_TASK INSTRUCTIONS_: Write out exactly the lines below starting at the one containing "津巴布韋央行周五表示,陷入困" and ending at the one containing "Aten CE824 USB". Omit every picture.

_DATASET CONTENT_:
************

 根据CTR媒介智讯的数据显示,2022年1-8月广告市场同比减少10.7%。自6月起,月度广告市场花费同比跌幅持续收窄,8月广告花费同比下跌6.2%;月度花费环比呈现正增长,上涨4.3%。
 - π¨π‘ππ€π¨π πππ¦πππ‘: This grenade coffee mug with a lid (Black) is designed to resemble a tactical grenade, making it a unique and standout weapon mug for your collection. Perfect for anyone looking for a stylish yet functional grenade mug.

************

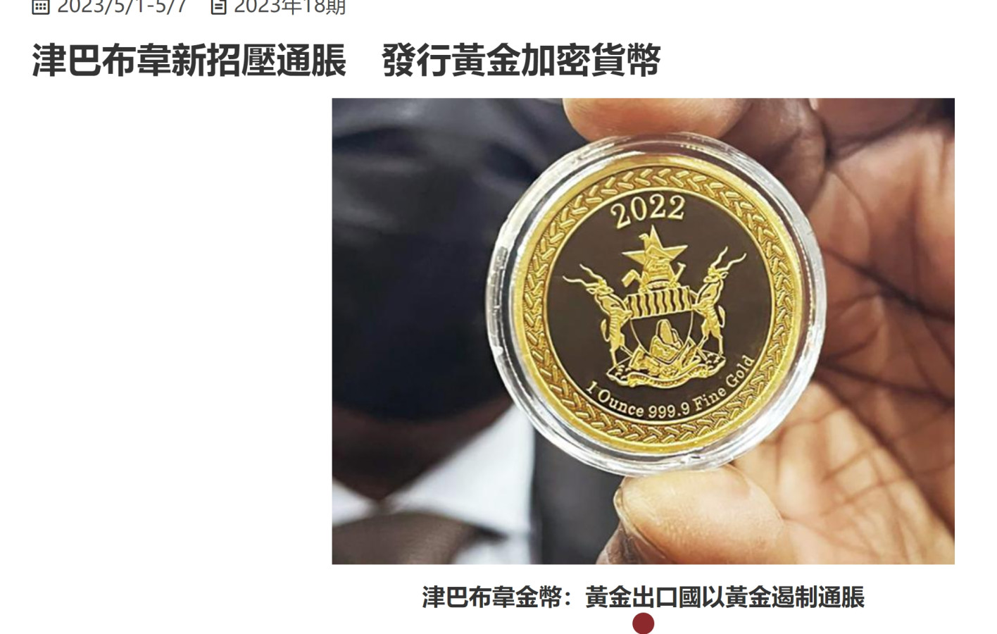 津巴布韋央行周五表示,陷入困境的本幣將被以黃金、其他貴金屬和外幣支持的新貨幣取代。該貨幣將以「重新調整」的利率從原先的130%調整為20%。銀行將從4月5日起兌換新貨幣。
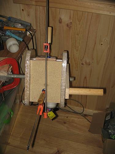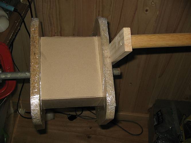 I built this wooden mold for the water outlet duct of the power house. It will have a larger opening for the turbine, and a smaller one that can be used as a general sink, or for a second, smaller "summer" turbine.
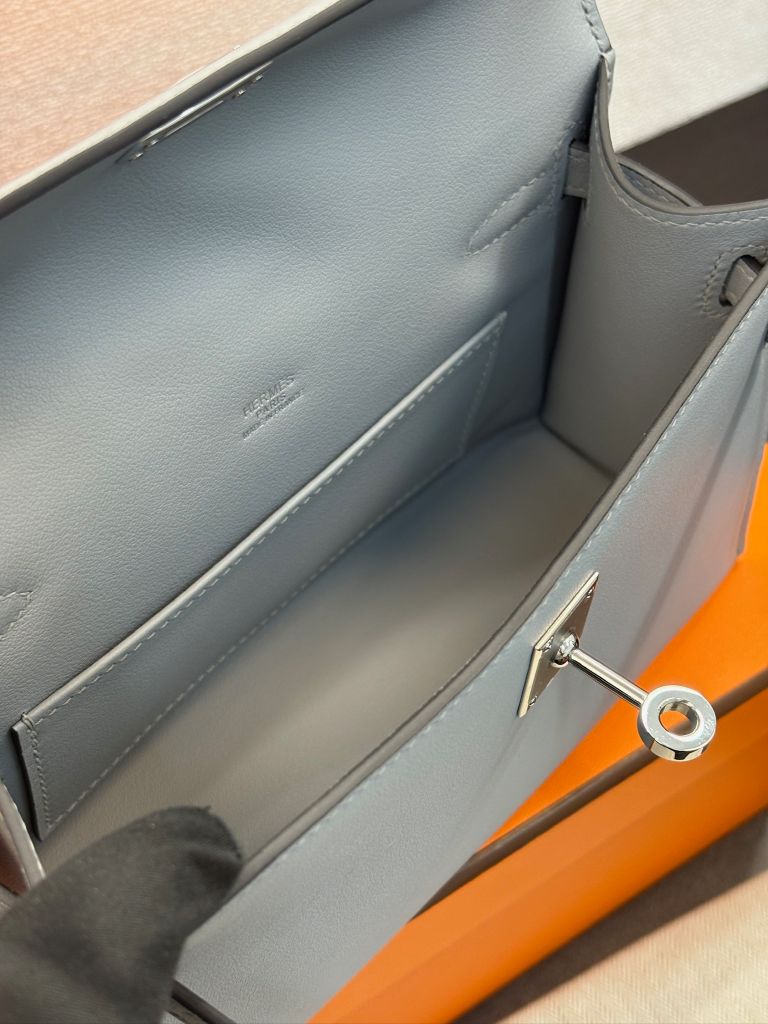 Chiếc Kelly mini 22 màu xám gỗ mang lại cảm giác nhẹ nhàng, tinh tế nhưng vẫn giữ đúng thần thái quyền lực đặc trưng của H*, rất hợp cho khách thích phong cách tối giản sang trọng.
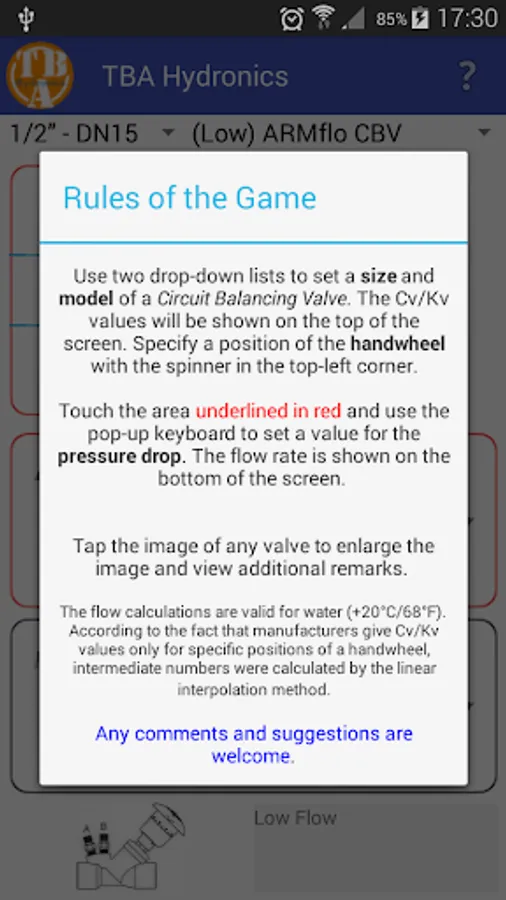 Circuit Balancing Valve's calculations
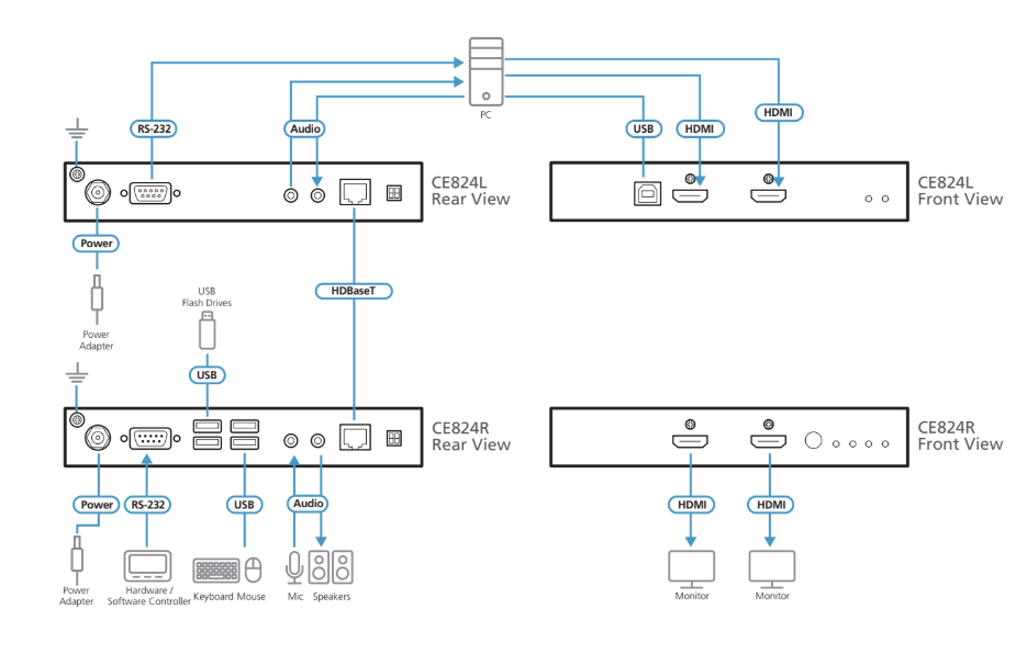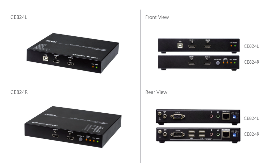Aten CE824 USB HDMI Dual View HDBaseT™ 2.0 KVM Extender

************

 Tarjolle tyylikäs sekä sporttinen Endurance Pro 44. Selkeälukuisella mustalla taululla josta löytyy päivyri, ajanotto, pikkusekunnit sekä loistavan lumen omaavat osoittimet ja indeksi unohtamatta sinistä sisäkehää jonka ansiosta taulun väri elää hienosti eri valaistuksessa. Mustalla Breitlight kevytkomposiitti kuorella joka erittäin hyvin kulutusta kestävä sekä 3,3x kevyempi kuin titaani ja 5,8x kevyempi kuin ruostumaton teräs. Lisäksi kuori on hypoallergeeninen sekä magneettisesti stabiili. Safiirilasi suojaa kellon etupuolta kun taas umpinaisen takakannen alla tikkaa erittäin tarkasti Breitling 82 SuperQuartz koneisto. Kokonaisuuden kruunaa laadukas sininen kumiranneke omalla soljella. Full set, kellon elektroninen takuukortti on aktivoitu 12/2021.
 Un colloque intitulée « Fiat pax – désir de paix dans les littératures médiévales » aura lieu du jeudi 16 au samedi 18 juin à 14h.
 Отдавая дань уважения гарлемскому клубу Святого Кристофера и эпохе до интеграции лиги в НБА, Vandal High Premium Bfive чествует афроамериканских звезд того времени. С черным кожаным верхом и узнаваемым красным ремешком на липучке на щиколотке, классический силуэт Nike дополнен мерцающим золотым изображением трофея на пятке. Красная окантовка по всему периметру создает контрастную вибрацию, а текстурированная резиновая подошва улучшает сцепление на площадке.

************

_WRITTEN ANSWER_:
 津巴布韋央行周五表示,陷入困境的本幣將被以黃金、其他貴金屬和外幣支持的新貨幣取代。該貨幣將以「重新調整」的利率從原先的130%調整為20%。銀行將從4月5日起兌換新貨幣。
 I built this wooden mold for the water outlet duct of the power house. It will have a larger opening for the turbine, and a smaller one that can be used as a general sink, or for a second, smaller "summer" turbine.
 Chiếc Kelly mini 22 màu xám gỗ mang lại cảm giác nhẹ nhàng, tinh tế nhưng vẫn giữ đúng thần thái quyền lực đặc trưng của H*, rất hợp cho khách thích phong cách tối giản sang trọng.
 Circuit Balancing Valve's calculations
Aten CE824 USB HDMI Dual View HDBaseT™ 2.0 KVM Extender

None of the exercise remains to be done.